In 1978, Sigler became a member of the Columbia College Chicago faculty in the department of Art and Design. As a teacher, she was up to date on issues in contemporary art and had a talent for communicating this knowledge to her students. She was also fond of taking her students on field trips to learn first hand about influences in art from the European-based collections at the Art Institute of Chicago to the anthropologically-based exhibits at the Field Museum.

Sigler's teaching awards included the College Art Association's Artist Award for Lifetime Achievement in early 2001.

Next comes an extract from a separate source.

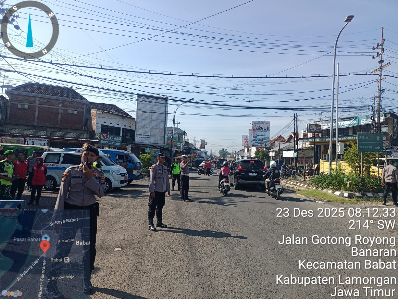 Informasiindo.com//LAMONGAN – Segera setelah apel serah terima tugas, Pospam Pasar Babat melaksanakan pengaturan arus lalu lintas pagi dalam rangka Operasi Lilin Semeru 2025 pada hari Selasa (23/12/2025) pukul 08.15 WIB s/d selesai. Kegiatan dilakukan di seputaran Tugu Wingko depan Pospam Pasar Babat.

Among the public collections holding work by Hollis Sigler are the American Academy of Arts and Letters (New York), the Art Institute of Chicago, the Baltimore Museum of Art, the Contemporary Arts Center (Cincinnati, Ohio), the High Museum of Art (Atlanta, Georgia), the Honolulu Museum of Art, the Indianapolis Museum of Art, the National Gallery of Art (Washington, DC); the National Museum of Women in the Arts (Washington, DC), the Madison Museum of Contemporary Art, the Museum of Contemporary Art, Chicago, the Seattle Art Museum and the Spencer Museum of Art (University of Kansas).

== Exhibitions ==
- Seattle Art Museum, Washington
- Whitney Museum of American Art, New York
- National Museum of Women in the Arts, Washington, DC
- Museum of Contemporary Art, Chicago, Illinois
- Steven Scott Gallery, Baltimore, Marylabd
- Barbara Gladstone Gallery, New York
- Andrew Kreps Gallery, New York
- Carl Hammer Gallery, Chicago, Illinois
- David Barnett Gallery, Milwaukee, Wisconsin
- Madison Museum of Contemporary Art, Madison, Wisconsin
- American Academy of Arts and Letters, New York
- Art Institute of Chicago, Chicago, Illinois
- Bates College, Lewiston, Maine
- Pennsylvania Academy of the Fine Arts, Philadelphia, Pennsylvania
- Goshen College, Goshen, Indiana
- Smithsonian American Art, Washington, DC
- Maurine Littleton Gallery, Washington, DC
- Spraightwood Galleries, Upton, Maine
- University of Wisconsin, Madison, Wisconsin
- Stair Galleries, Hudson, New York
- Minneapolis Institute of Art Collection, Minneapolis, Minnesota
- Indiana University, Bloomington, Indiana
- University of Saint James, Anguilla and St. Vincent
- Whitney Museum of American Art, New York

==Personal life and death==
Sigler was openly lesbian.

She died of breast cancer on March 29, 2001, at the age of 53, at her home in Prairie View, Illinois.